# Looking for pico - fish



## Sunstar (Jul 29, 2008)

my tank is super tiny, and I was thinking of something very very small, blenny's or something. Maybe a white tipped reef shark  1.5 gallon. I do have a 10 as backup.


----------



## Bullet (Apr 19, 2014)

I suggest a Yellow clown goby or neon goby 
Both stay small and have tons of personality !


----------



## Sunstar (Jul 29, 2008)

do either of those by chance partner with a pistol?


----------



## Bullet (Apr 19, 2014)

Nope neither of these gobys go with pistol shrimps but that might be a good selection for your smal tank 

Generally the pistol shrimp goby types are classed as prawn gobys and the following genera are noted as having symbioses with shrimp: Amblyeleotris, Ctenogobiops, Cryptocentrus, Stonogobiops, Vanderhorstia, Tomiamichthys and Mahidolia.


----------



## Sunstar (Jul 29, 2008)

I'll consider those gobies, neons seem pretty


----------



## teemee (Aug 29, 2009)

here are a bunch you can try - what I plan to put in my pico - not all of because it won't be easy to find them, but:
Gum drop coral croucher
Panda goby 
trimma goby
eviota goby
white cap goby (with pistol shrimp)
Flaming prawn goby
pygmy dart fish
pygmy pink streak wrasse
red spot cardinal

inverts:
pederson anemone shrimp
porcelain crab
sexy shrimp

plenty of things for you to look at


----------



## Sunstar (Jul 29, 2008)

Sexy and Porcelain crabs are two inverts I am considering. 

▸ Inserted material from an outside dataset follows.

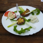 Als Gruß aus der Küche gab es zunächst einen kleinen Teller mit einer Tomatenspalte mit Mozzarella, gegrillte Auberginenscheibchen, Rucola, kleine Lauchstreifen und eine tolle gut gewürzte Mayopaste mit frischen Kräutern zum Dippen.
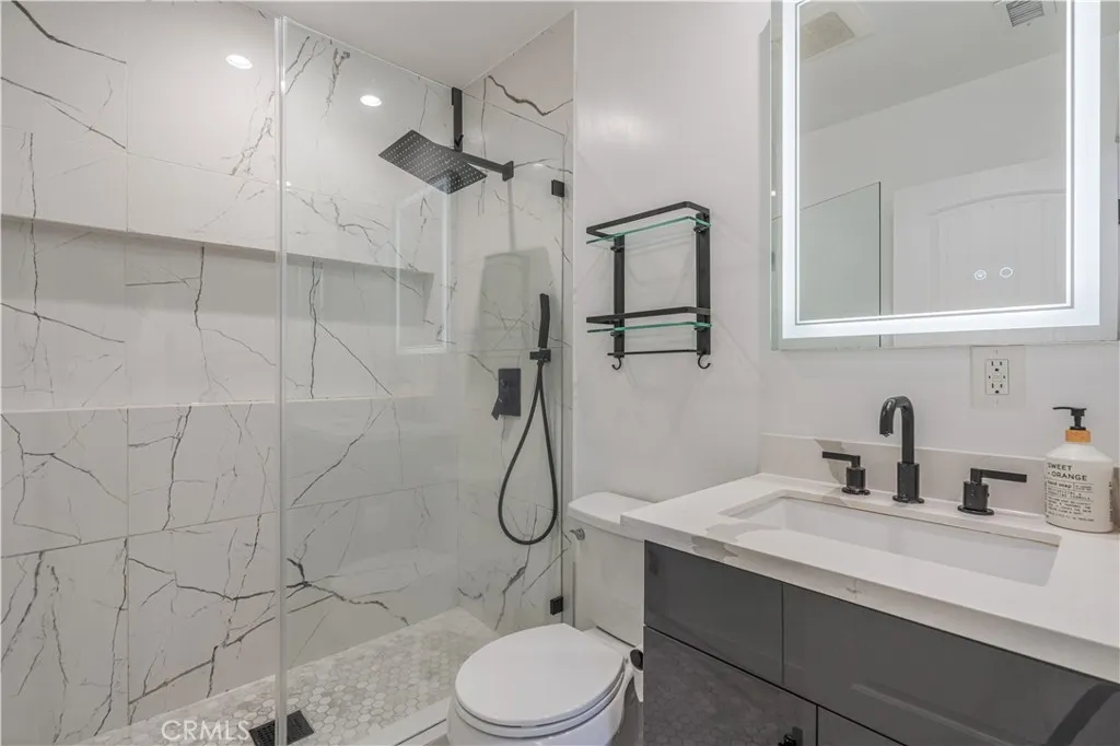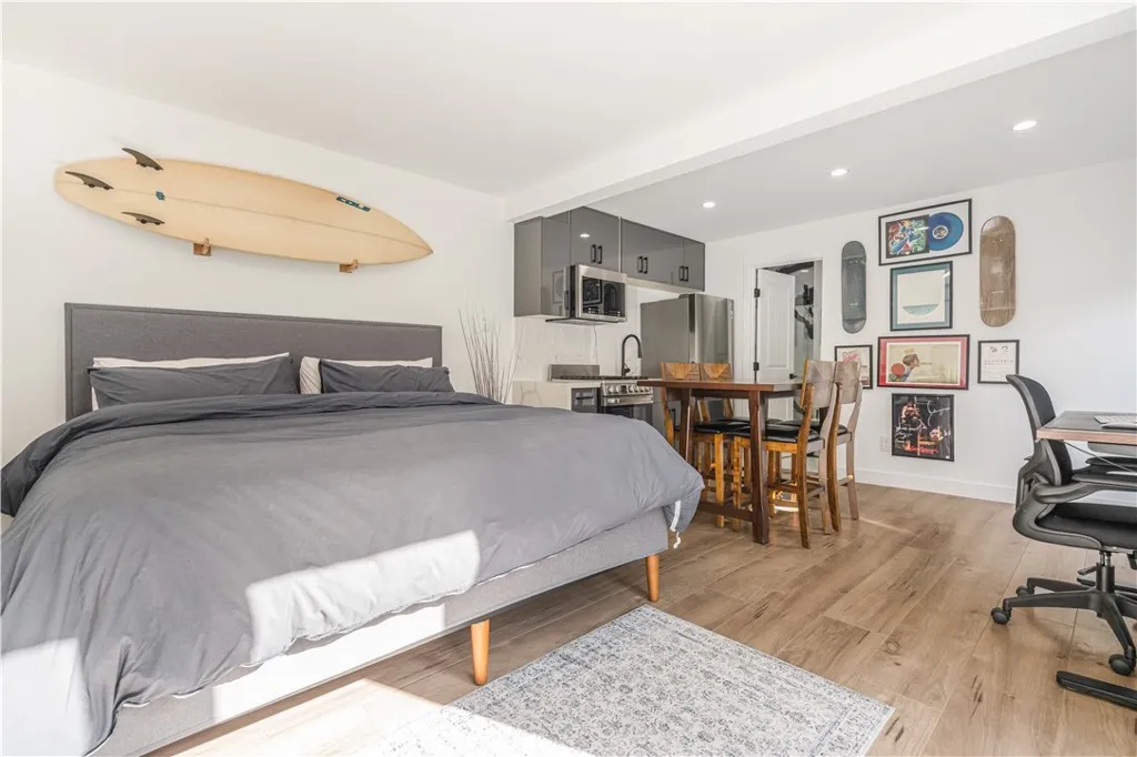 Tucked along a quiet, tree-lined street in the heart of Culver City, this sleekly reimagined single-story home makes a stunning first impression with its manicured curb appeal and a motorized front gate crafted from Brazilian hardwood. The property features a 3 bedroom, 2 bathroom main residence (approx. 1,470 sq ft) plus a detached 1 bedroom, 1 bathroom bonus studio (approx. 357 sq ft), blending modern design with functionality. Extensively renovated in 2021 and fully turnkey, the home features updated electrical and plumbing, new HVAC, tankless water heater, and upgraded systems throughout. The main home offers a bright, open concept floor plan filled with natural light and recessed lighting. The chefs kitchen serves as the homes centerpiece, with a massive quartz waterfall island, high gloss cabinetry, and professional grade appliances. The living and dining areas connect effortlessly around a sleek minimalist fireplace. The bedrooms are spacious and serene, and the bathrooms feature custom stonework and contemporary finishes. The backyard includes a deck with a sun shade sail and multiple lounge areas. At the rear, the detached bonus studio with kitchenette and bath offers flexibility as a guest space, office, or gym, complete with Cantina bifold doors and a walk-in closet. A long gated driveway provides ample parking and leads to the detached two car garage. Located within the award-winning Culver City Unified School District and just minutes from Westside dining, retail, and parks, this home captures the best of Culver City living in a peaceful residential setting.

Pistols appeal to me, but I still might get that for my 10 gallon when I get it sorted out.


----------



## Sunstar (Jul 29, 2008)

I chose a neon, it is so adorable <3


----------



## Bullet (Apr 19, 2014)

Nice choice !
I love mine - beautiful fish with lots of personality


----------



## Sunstar (Jul 29, 2008)

Yeah mine has decided to hang out behind my mag float









I guess it is time to update my thread... I shall do that tomorrow hopefully when everything is less pissed off. I just did a WC.


----------



## teemee (Aug 29, 2009)

if you're interested in something extra special, some white capped gobies are on their way into town...


----------



## Sunstar (Jul 29, 2008)

I'd love to, but I gotta sit laurels for a bit. Any idea the cost?


----------



## teemee (Aug 29, 2009)

i think 150ish...


----------



## Sunstar (Jul 29, 2008)

bit out of my range at the moment.


----------



## Bullet (Apr 19, 2014)

Another suggestion for pico size fish 

I picked up a beautiful tail spot blenny at Coral Reef Shop 
Gets along with everyone in my tank including my neon goby 
The blenny is small now 1.5 inches and very bold - always swimming around and eats frozen brine, mysis and flakes 
What a character ! Cute fish !


----------



## Taipan (Feb 12, 2012)

Rumour has it.....member: "TeeMee" might have some new additions to her display(s) this evening.....


----------



## Bullet (Apr 19, 2014)

Taipan said:


> Rumour has it.....member: "TeeMee" might have some new additions to her display(s) this evening.....


How does he do it ?!!


----------



## Sunstar (Jul 29, 2008)

I posted pics in my thread. cross posting this of my new goby. So so so cute.


----------



## goobafish (Jan 27, 2015)

I just picked up a Neon Eviota yesterday, so cute. What about one of these guys? griessingeri goby. 



I've got 3, one is adult sized and in a 20 gallon, and I have two small ones (relative ) in a pico frag tank. They are extremely hardy for something that looks so fragile.


----------